#### [REQUIREMENT]
The output must contain exactly the lines from the top of the listing below through the line containing "I made these", and no pictures.

### EXTRACTED DATA

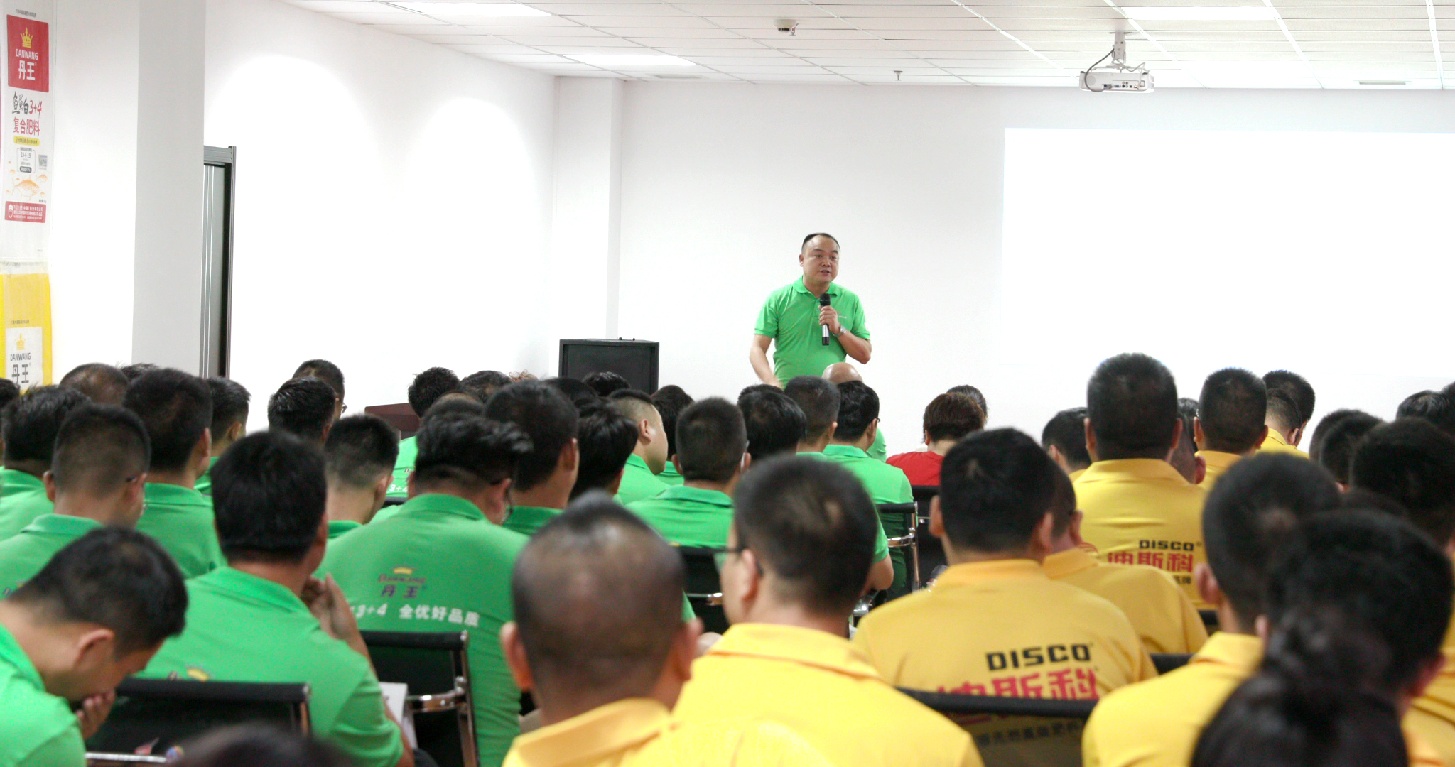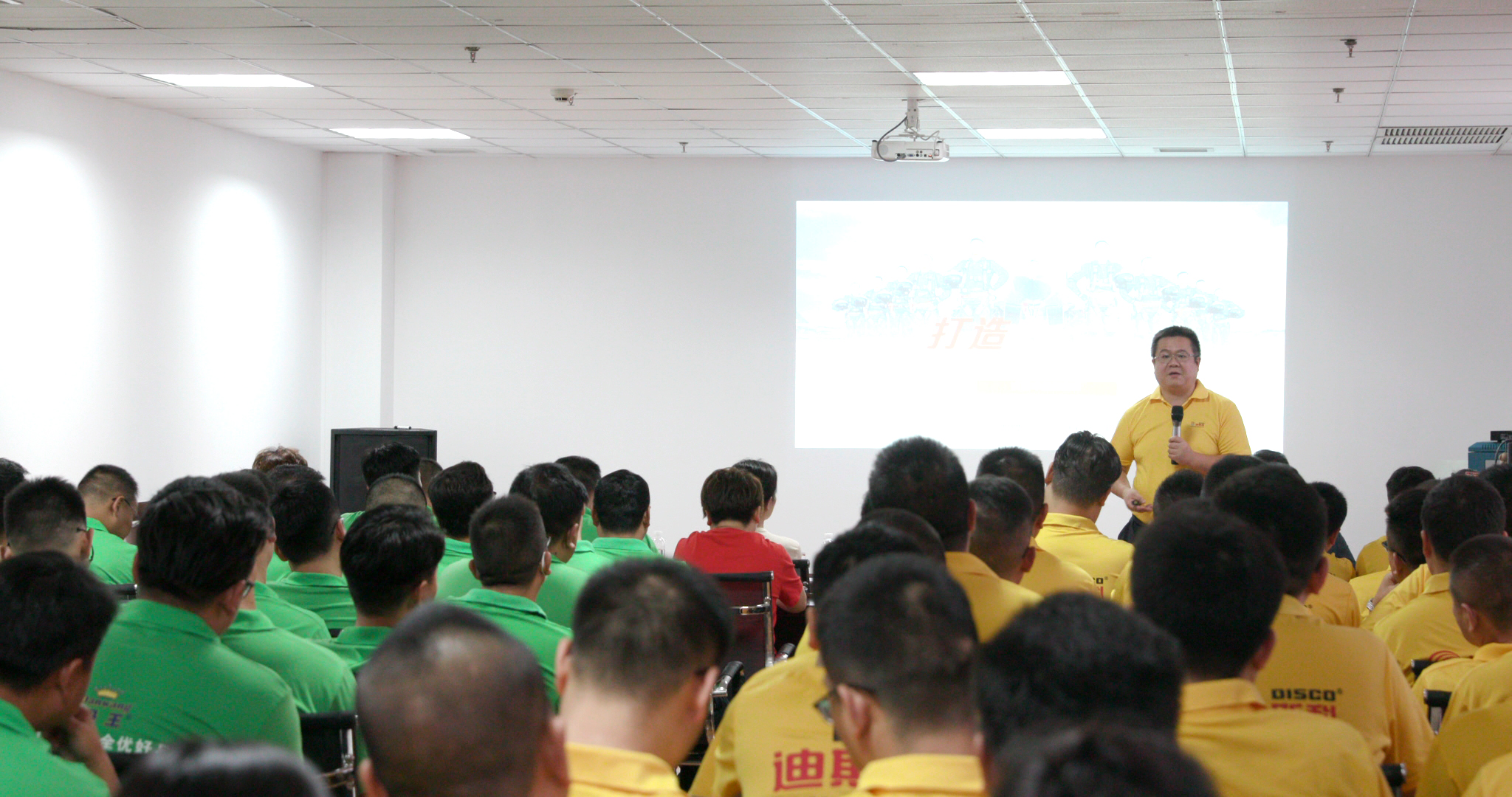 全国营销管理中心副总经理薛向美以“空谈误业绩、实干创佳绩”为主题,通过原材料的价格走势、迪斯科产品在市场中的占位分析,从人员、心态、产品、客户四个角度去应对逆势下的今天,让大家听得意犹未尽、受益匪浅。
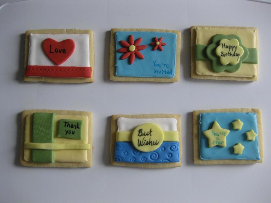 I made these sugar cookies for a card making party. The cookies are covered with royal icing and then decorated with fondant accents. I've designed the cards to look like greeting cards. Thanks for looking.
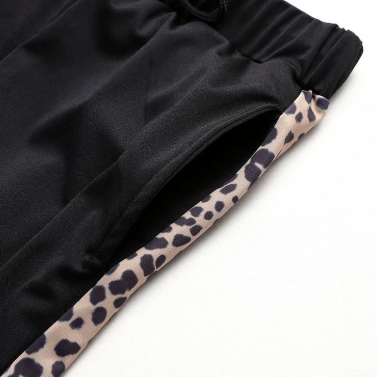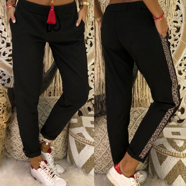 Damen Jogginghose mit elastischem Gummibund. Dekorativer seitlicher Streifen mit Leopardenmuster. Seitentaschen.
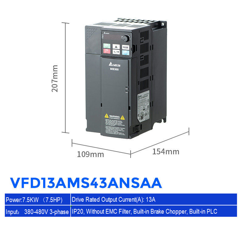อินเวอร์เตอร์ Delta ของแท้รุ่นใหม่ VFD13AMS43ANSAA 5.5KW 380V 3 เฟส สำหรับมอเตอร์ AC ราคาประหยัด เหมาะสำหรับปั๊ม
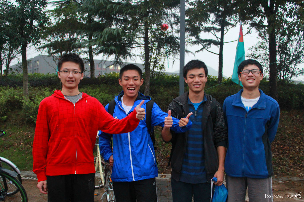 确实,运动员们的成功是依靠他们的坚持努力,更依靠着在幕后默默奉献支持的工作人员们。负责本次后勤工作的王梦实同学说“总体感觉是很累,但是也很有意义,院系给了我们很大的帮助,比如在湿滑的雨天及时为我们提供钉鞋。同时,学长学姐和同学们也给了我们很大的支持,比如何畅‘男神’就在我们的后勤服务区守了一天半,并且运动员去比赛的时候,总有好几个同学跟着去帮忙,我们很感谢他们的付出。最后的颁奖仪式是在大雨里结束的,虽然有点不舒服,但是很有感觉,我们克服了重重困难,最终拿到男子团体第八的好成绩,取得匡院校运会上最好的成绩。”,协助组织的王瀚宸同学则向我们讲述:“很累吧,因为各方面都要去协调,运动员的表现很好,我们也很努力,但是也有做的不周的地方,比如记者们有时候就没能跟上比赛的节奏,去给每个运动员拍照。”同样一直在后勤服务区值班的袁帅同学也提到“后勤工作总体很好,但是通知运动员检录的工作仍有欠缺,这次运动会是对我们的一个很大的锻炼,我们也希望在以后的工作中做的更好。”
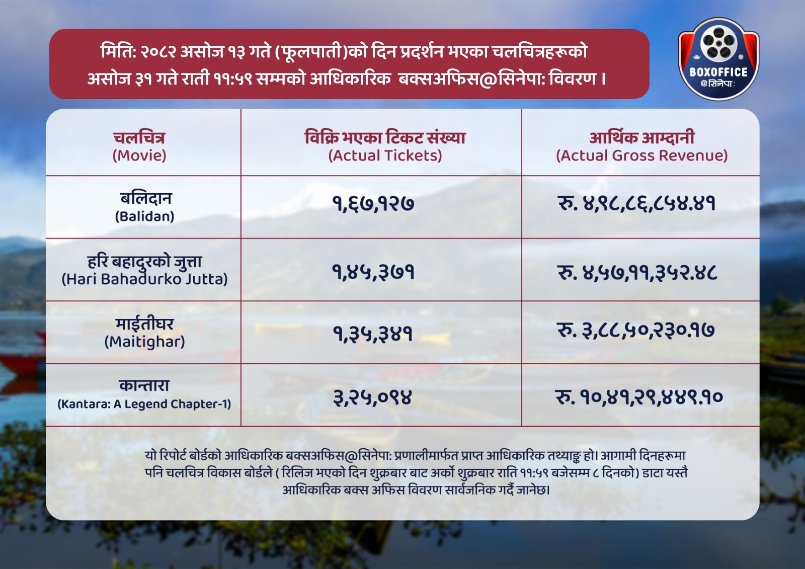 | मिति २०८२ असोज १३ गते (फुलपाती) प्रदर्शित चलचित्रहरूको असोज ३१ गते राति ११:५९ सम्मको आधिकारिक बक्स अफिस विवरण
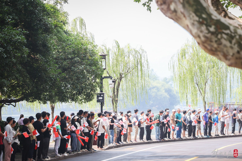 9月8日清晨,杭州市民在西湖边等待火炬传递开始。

######

#### [RESPONSE TO THIS TASK]
 全国营销管理中心副总经理薛向美以“空谈误业绩、实干创佳绩”为主题,通过原材料的价格走势、迪斯科产品在市场中的占位分析,从人员、心态、产品、客户四个角度去应对逆势下的今天,让大家听得意犹未尽、受益匪浅。
 I made these sugar cookies for a card making party. The cookies are covered with royal icing and then decorated with fondant accents. I've designed the cards to look like greeting cards. Thanks for looking.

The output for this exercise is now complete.